Anehnya Bankek hanya mengulurkan tangan saja, menjabat tangannya tanpa mengeluarkan sepatah katapun. Ia terlalu grogi saat itu, padahal seharusnya Ia berkata ‘aku Bankek, eh bukan, aku Ari tapi anak-anak disini memanggilku Bankek’ tapi kata-kata itu tidak keluar, Bankek hanya memandang angkuh sambil diam. Mengawasi seorang Dewi yang ternyata memiliki sebuah nama, Ines.


“jadi, kamu tidak bicara?” ia terdiam lama” Bisu?” tanya Ines kaku, “kamu gak gigit kan?hehehe” ia ngajak becanda. Seperti seorang Dewa, Bankek hanya memandangnya, ‘padahal kan aku kambing,.. kambing yang pura-pura menjadi Dewa, ini semacam taktik supaya seorang Dewi bicara padaku’ sebuah pemikiran aneh dari seorang Bankek.
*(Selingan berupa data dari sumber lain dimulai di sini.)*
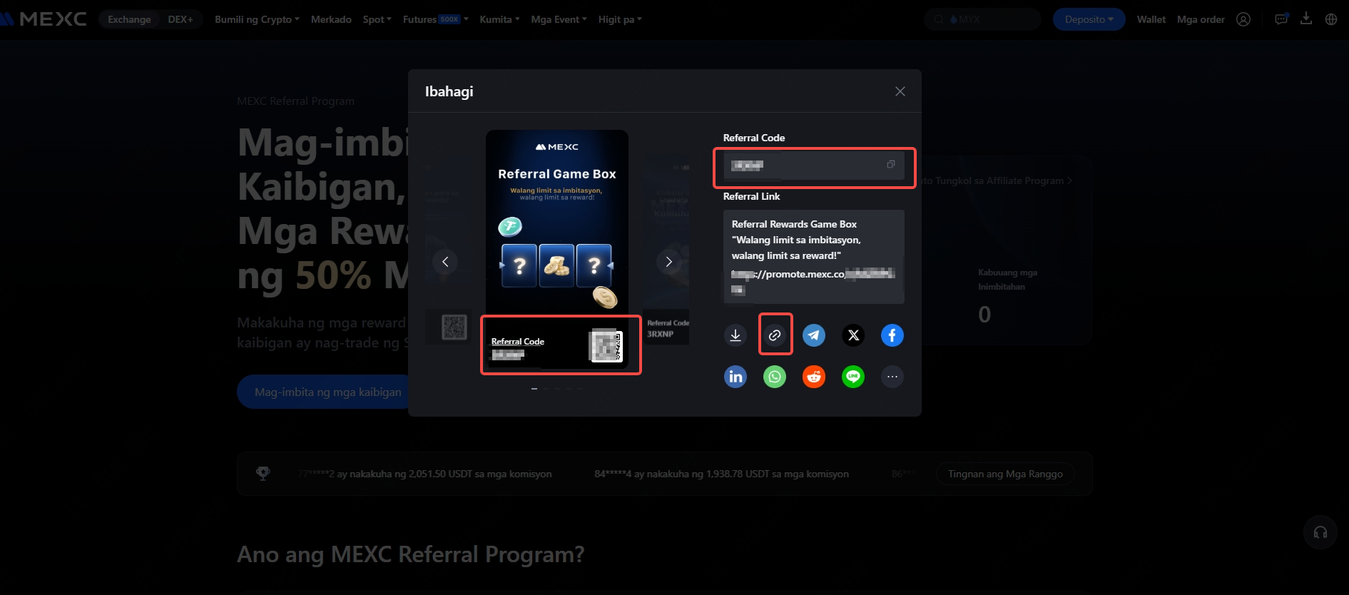 Bilang alternatibo, maaari mong kopyahin ang iyong Referral Link. Kapag binuksan ng mga bagong user ang link na ito sa kanilang browser upang mag-sign up, awtomatikong maia-apply ang iyong referral code.

Bibir Ines monyong-monyong, mungkin dia sedang berfikir keras untuk mengatasi situasi ini. Tentunya ia tidak mengira akan berhadapan dengan kambing yang pura-pura menjadi Dewa,....
Dengan ragu Ines mulai mengangkat kakinya... berjalan menjauh. Satu hal yang Bankek khawatirkan selain bau badannya yang seperi kambing, adalah ‘bagaimana memulai pembicaraan ini?’.
“Ines” Bankek memanggil. Ines berbalik dengan wajah takjub, seolah baru saja berhasil membuat seekor kambing mengeluarkan kata-kata.
“kamu gak bisu kan?”ines tersenyum, lalu seperti teringat akan sesuatu ia bertanya dengan cepat, “kamu juga gak idiot kan?”
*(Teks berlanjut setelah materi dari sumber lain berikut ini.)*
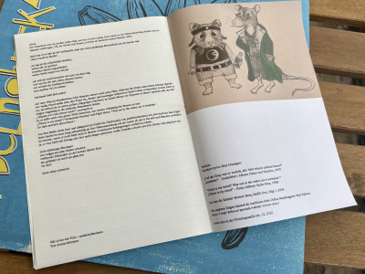 Es gibt auch was für’s Auge. Auf einer Illustration mit Hamster, Ratte, Platte wird das Albumcover präsentiert. Da die eigenwilligen Nager ungern 100 Jahre lang immer gleich aussehen, obwohl sie die immer gleichen Klamotten anhaben, lasen sie sich am liebsten von unterschiedliche Leuten illustrieren. Die heutige Illustration stammt von electric.lizard, die auch das Albumcover von „Niemand leibt dich (mehr)“ gestaltet hat.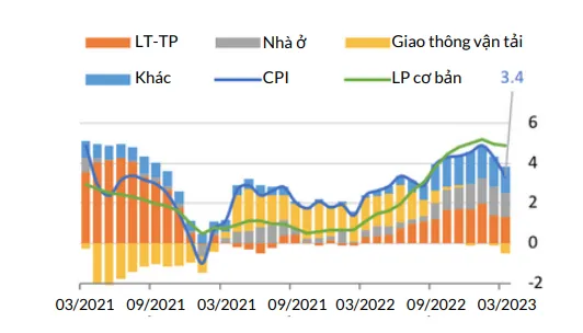 Lạm phát được thúc đẩy bởi mức tăng giá lương thực và thực phẩm cũng như nhà ở và vật liệu xây dựng, với mức đóng góp vào CPI lần lượt là 1,3 điểm % và 1,2 điểm %. Giá dịch vụ giao thông giảm 4,9% so với cùng kỳ vào tháng 3/2023, giúp giảm 0,5 điểm % tỷ lệ lạm phát CPI. Giao thông vận tải chỉ góp phần khá nhỏ vào lạm phát CPI kể từ tháng 10 năm 2022 tới nay, nhờ thị trường dầu mỏ toàn cầu tương đối ổn định.

Keputusan hebat dari Geng Ines dalam perdebatan tempo hari adalah mereka akan menanyakan langsung pada Bankek sebuah pertanyaan besar yang selama kemaren mereka perdebatkan, sebuah pertanyaan luar biasa yang perlu diluruskan “Bankek ini Idiot atau bukan?”

Pertanyaan itu membuat Bankek bingung bagaimana menjawabnya. Selama setahun ia bersekolah dan dianiaya lebih dari dua kali tiap semester tanpa ada seorangpun yang mengajak bicara, tiba-tiba seseorang menanyakan kepadanya, ‘ia idiot bukan?’, bravo!!!, sebuah sekolah yang keren dengan reputasi menyamai lapas anak.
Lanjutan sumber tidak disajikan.